Most people forget or don't know that Skype was created by the founders of Kazaa and they are hackers (like us) at heart and they built strong encryption into it protecting (actually) the privacy of their users' audio conversations. Skype's encryption has been a heated issue to governments who cannot wiretap Skype for various reasons law enforcement or otherwise.

https://secure.wikimedia.org/wikipedia/en/wiki/Skype_securit...


> Skype's encryption has been a heated issue to governments who cannot wiretap Skype for various reasons law enforcement or otherwise.

China has a customize Skype build called TOM-Skype. It has a built-in "sensitive words" filter and backdoor keylogger.


The thing to remember with China is that there is a law on the books so that practically everything is illegal.
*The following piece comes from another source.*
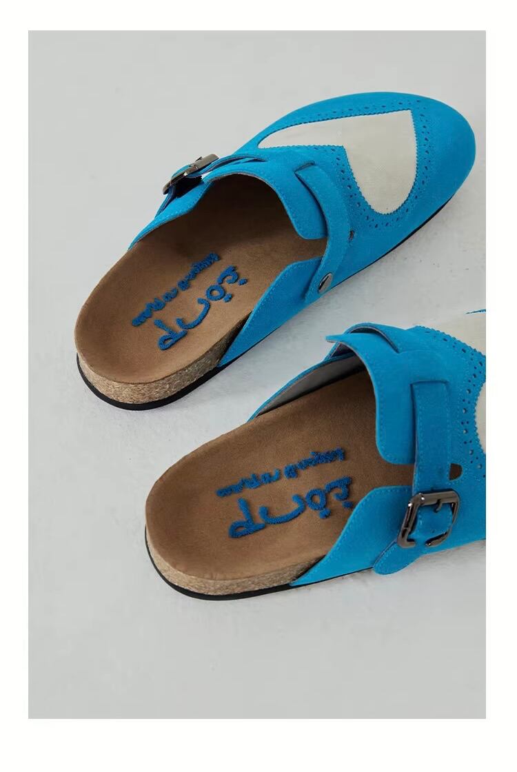 鮮やかなブルーのスエード素材が目を惹くサボサンダル(クロッグシューズ)。

The law isn't there to tell you what you can or can't do, it's there so that if you piss off the wrong people they can come down on you like a ton of bricks "legally".
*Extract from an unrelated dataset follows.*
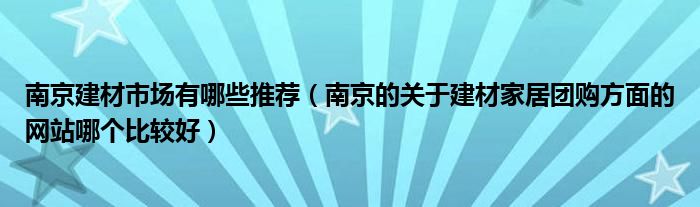 南京建材市场有哪些推荐(南京的关于建材家居团购方面的网站哪个比较好)

The law isn't there to tell you what you can or can't do, it's there so that if you piss off the wrong people they can come down on you like a ton of bricks "legally".

Ahh, then it's like the US tax code.


I knew someone that spent some time in China, and she said that for things like speeding, the cops will actually call you stupid for not trying to out-run them if they try to pull you over for something like speeding.
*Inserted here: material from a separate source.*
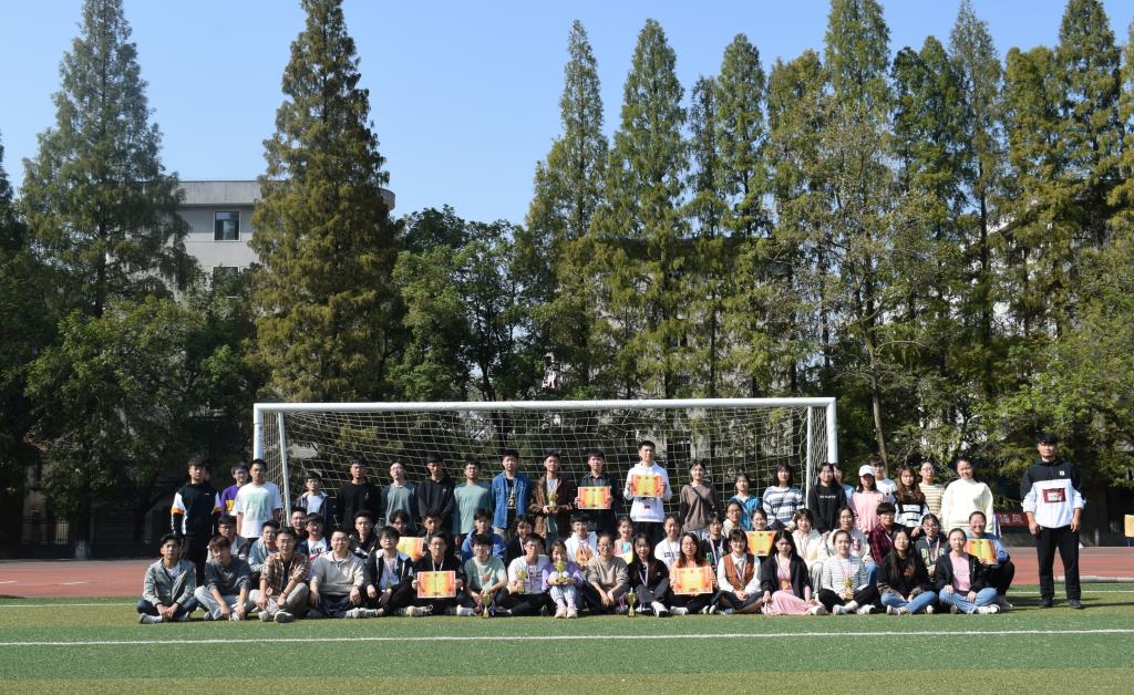 在菱湖校区操场上举办了本届“菱湖杯”男女足比赛颁奖仪式,由主持人宣布比赛各奖项的得主。本次共有11个队伍赢得荣誉,其中男子组一等奖为2019级汉语言文学五班和七班联队,女子组一等奖为2019级历史学一班。随后,辅导员老师按照名次为各队伍颁发了奖杯、奖牌以及奖状并进行了合影留念。

[ I wouldn't try to apply this to all of China though. It's a large place, and it could just be something local to where she was (I forget where exactly, it was a few years ago that she told me about it). ]


I hate making generalizations about huge entities like states, but I can't resist on this one. I think this kind of thing will ultimately trip China up, and prevent China from ever gaining a significant technological lead. The more closed their internet is, the less ideas people will be exposed to, and thus there will continue to be less innovation.


Obsessively trying to force toothpaste back into the tube does not telegraph a general sense of well-being and confidence. China may be a 'superpower'. But a 'superpower' like the US? Or the USSR?

Obviously they've avoided the worst tendencies of the latter, but will they every master the best aspects of the former?

Alternately, will we continuing relentlessly undermining our own advantages to the point where China doesn't have to bother taking civil liberty seriously?


Indeed, the US could kill the goose that lays golden eggs as well.


When you have an economy on the scale of China's you can afford to lag the cutting edge. A captive market of 1.3B people makes up for a lot of inefficiencies.


Ironically almost every external device/accessory for skype is made in China (and we keep buying them from them, which empowers their government).


false positive? just used skype few hours ago (in china). Tom-skype actually does have a VOIP license. The original news was circling in chinese media days ago but no one really gives a $@/7 coz bans like this occurs every year


Skype's been deemed illegal, but that doesn't mean it won't work in China (like so many other illegal things there). As the story says, no one is sure how the government will enforce the ban yet. This is likely a stall tactic to allow state run competitors to play catch up.


Apparently all they have to do is go after Chinese supernodes.


I'm reading http://craphound.com/ftw/ For The Win By Cory Doctorow right now. In it some of the main characters try to join a Gold Farmers Union, and the argument of how they can effectively mobilize is that now anyone in the world can instantly communicate and organize for workers rights and fair wages. Before these communication tools only the rich had the ability to organize countrywide and worldwide, but with access to skype or other VOIP tools the workers can have the same level of organization.

Maybe Cory Doctorow has a fan in the Chinese Communist party and they decided to nip that particular problem in the bud.


Update (can’t believe no one else posted this as a comment): Skype denies this. http://mashable.com/2010/12/30/china-skype-ban/


Wait, China allowed Skype? Where has their protectionism gone?